Validation Process EngineerPosition Summary:- Work Schedule: M-F 8am-4:30pm
- 100% on-site
Catalent Pharma Solutions in Kansas City, MO is hiring a Validation Process Engineer. The Validation Process Engineer supports GMP equipment and process validation activities from requirements definition and vendor selection through installation, qualification, and performance verification to ensure systems meet user needs and regulatory expectations. Manages capital projects (budget, timelines, FAT/SAT) while authoring and executing risk assessments, validation protocols, and controlled documentation (e.g., IQ/OQ/PQ, PPQ, VSR) and coordinating training for operations and maintenance. Supports commercial client onboarding owning process capability assessments, FEMAs, validation master plans, process performance qualifications and final product specifications. Provides technical support for change control, deviations/CAPA, audits, continuous improvement initiatives, and commercial client onboarding.
The Role:- Develop User Requirement Specifications for new equipment, identify equipment vendors, procure equipment, and oversee build, and ensure that equipment meets functional requirements.
- Submit capital requests and manage project budget/timelines to completion.
- Support Factory Acceptance Tests (FAT), equipment installation, and Site Acceptance Tests (SAT) for equipment as needed.
- Prepare/execute/review FMEAs, Risk Assessments, Performance Verifications (PV), Engineering Studies (ES), Validation Plans (VP), System Impact Assessments (SIA), Data Integrity Assessments (DIA), Requirement Specifications (RS), Design Specifications (DS), Functional Requirements Specification (FRS), Design Qualification (DQ), Installation Qualification (IQ), Operational Qualification (OQ), Performance Qualification (PQ), Validation Summary Report (VSR), Configuration Qualifications (CQ), and Process Performance Qualifications (PPQ).
- Author Procedures and Work Instructions for equipment operation. Coordinate and train operations and maintenance personnel.
- Perform periodic reviews and requalifications.
- Participate in site safety team initiatives.
- Participate in Gemba Walks, Kaizens, Lean Six Sigma, and other continuous improvement projects/initiatives.
- Lead and/or provide technical support for management of change forms (MOCs), deviations, change controls, CAPAs and audit findings.
- Provide validation support for the onboarding of commercial clients.
- Perform other duties as assigned.
The Candidate:- BS Engineering or relevant science degree required.
- 1 - 5 years of GMP process, equipment, and/or facility engineering validation experience.
- Client facing project management experience a preferred.
- Lean six sigma training/certification, preferred.
- Demonstrated ability to write and execute technical documents and validation protocols in compliance with cGDP and cGMP requirements.

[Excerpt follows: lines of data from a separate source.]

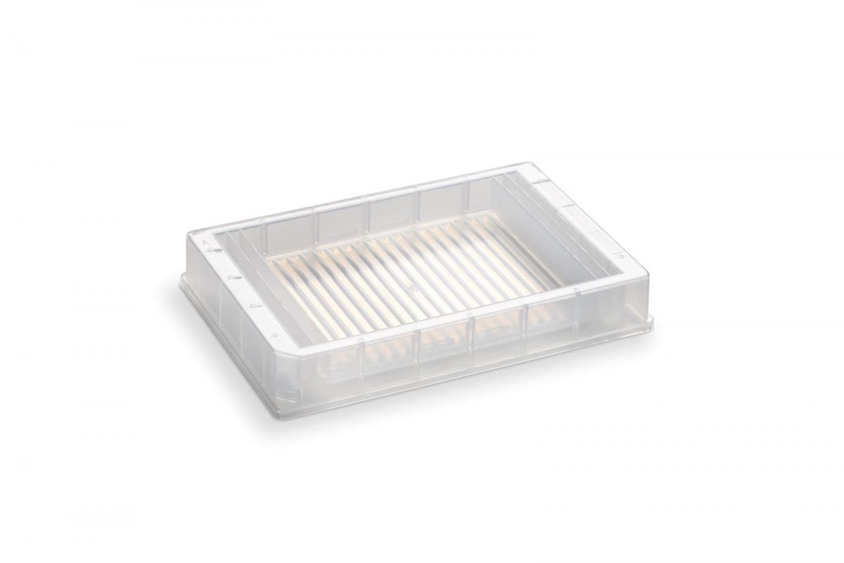 Резервуар из полипропилена с 5 уникальними полостями, 4 контрольные лунки по 3,25 мл каждая, основная лунка 86,3 мл, максимальный объем 92,3 мл, форма дна из 24 пирамид, высота 19 мм, 25 шт/уп.
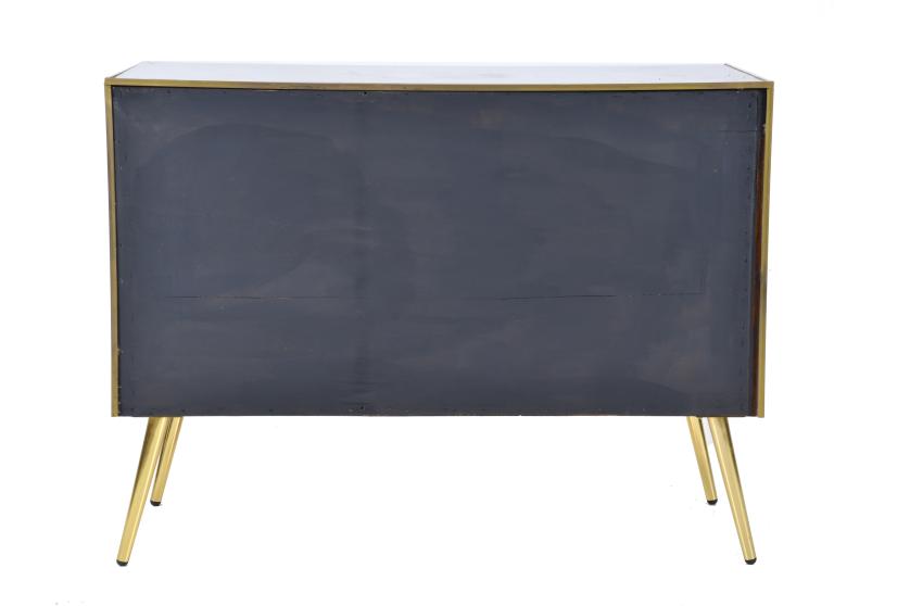 Structure in gilded metal with Murano glass panel. Interior in wood.
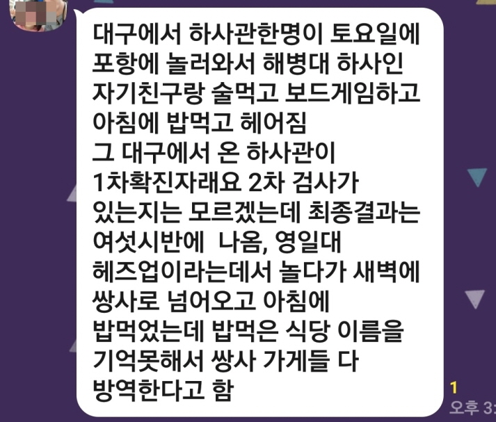 【KNC 뉴스】김명남 기자=「영일대에서 놀다가 새벽에 쌍사로 넘어오고 아침에 밥 먹었는데 밥 먹은 식당은 이름을 기억 못해서 쌍사 가게들 다 방역한다고 함...쌍사 새마을금고도 폐쇄했습니다.」
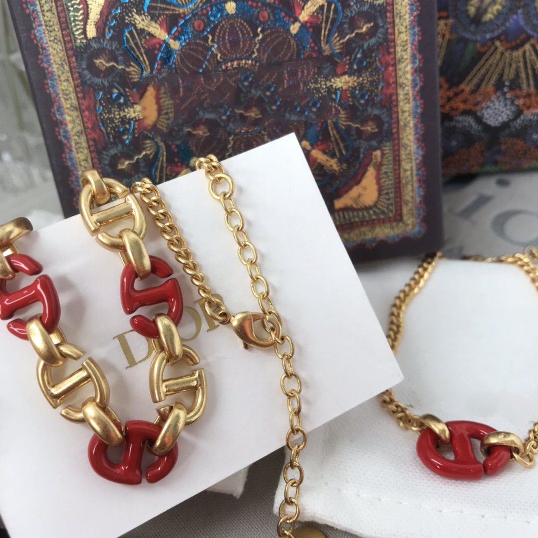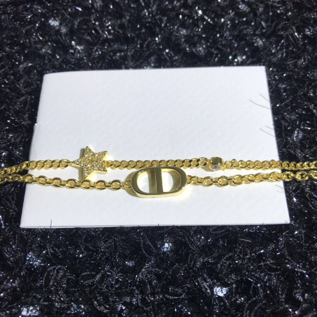 CD LOGO MOP GOLD DOUBLE CHAIN NECKLACE
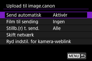 - [Når kameraet tændes]: Automatisk afsendelse starter, når kameraet tændes.
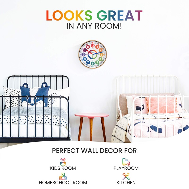 With a stylish wood effect frame and versatile colors it makes great kids wall decor - for kids bedroom, childrens playroom, homeschool room or nursery. Kids learning clock for any preschool or school classroom - essential teaching supplies for any teacher. Both boys and girls love the bright non ticking practice clock making reading analog time a fun part of each day.
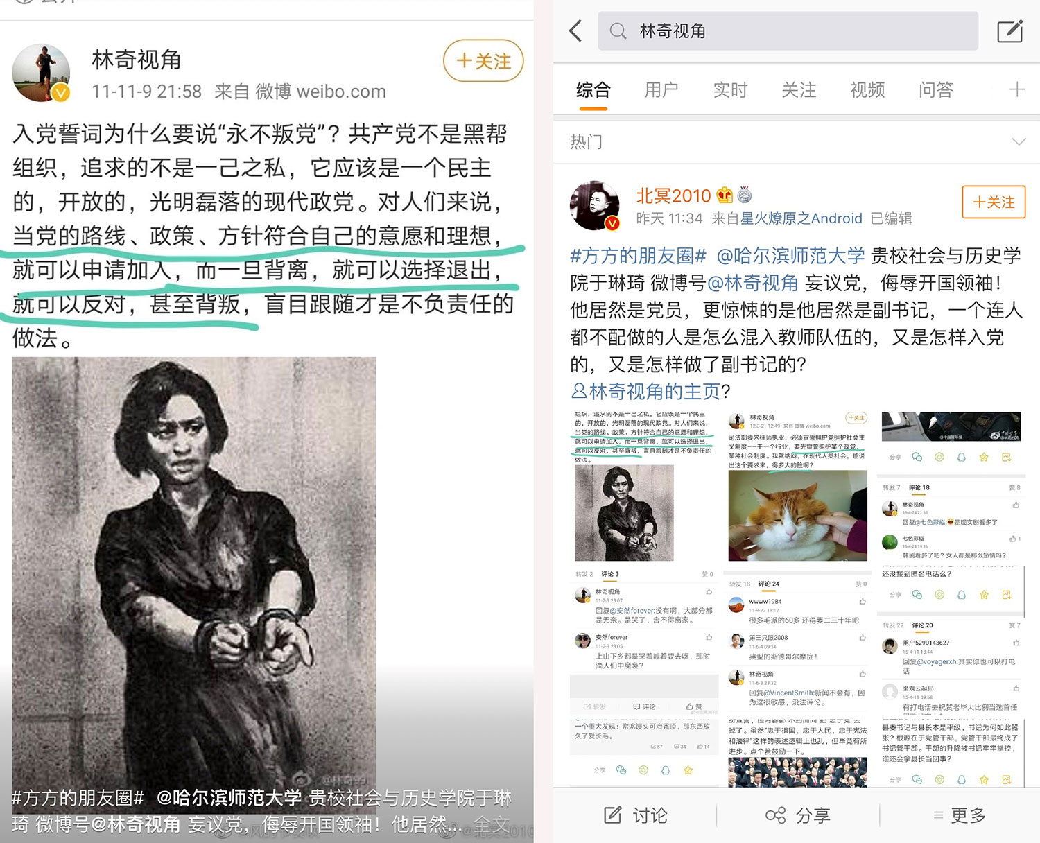 目前,于琳琦的微博@林奇视角文章已经删除。@林奇视角微博截图所见,于琳琦留言写道,入党誓词为什么要说“永不叛党?共产党不是黑帮组织,追求的不是一己之私,它应该是一个民主的,开放的,光明磊落的现代政党。对人们来说, 当党的路线、政策、方针符合自己的意愿和理想, 就可以申请加入,而一旦背离,就可以选择退出,就可以反对,甚至背叛,盲目跟随才是不负责任的做法。还说,世界上最成功的教唆犯是马克思。有微博文字说,于琳琦侮辱英烈刘胡兰,说她的行为在当时角度看属于刑事犯罪。还说雷锋这个榜样祸害了许多人。

- Ability to read, understand, and apply SOPs and regulatory requirements to perform daily tasks in a regulated manufacturing environment.
- Strong communication and collaboration skills, including written and verbal communication, presenting to groups (virtual and in person), and working effectively as part of a team to develop solutions.
- Strong organizational, problem-solving, and decision-making skills, with the ability to manage multiple priorities, work under pressure, and apply a working understanding of basic machine functionality (e.g., PLCs, servo motors, controls, pneumatics).
- Physical Requirements: Ability to stand, walk, sit, kneel, and reach frequently, occasionally lift, push, and pull up to 25 lbs, and climb ladders or steps as needed, while working in environments with temperature variation (including refrigerated and freezer areas), noise, humidity, and potential hazards; role also requires successful completion of background and DEA screening and up to 5% travel for trade shows and factory acceptance testing.
Why you should join Catalent:- Defined career path and annual performance review and feedback process
- Diverse, inclusive culture
- Positive working environment focusing on continually improving processes to remain innovative
- Potential for career growth on an expanding team within an organization dedicated to preserving and bettering lives
- 152 hours of PTO + 8 paid holidays
- Generous 401K match
- Medical, dental and vision benefits effective day one of employment
- Tuition Reimbursement - Let us help you finish your degree or start a new degree!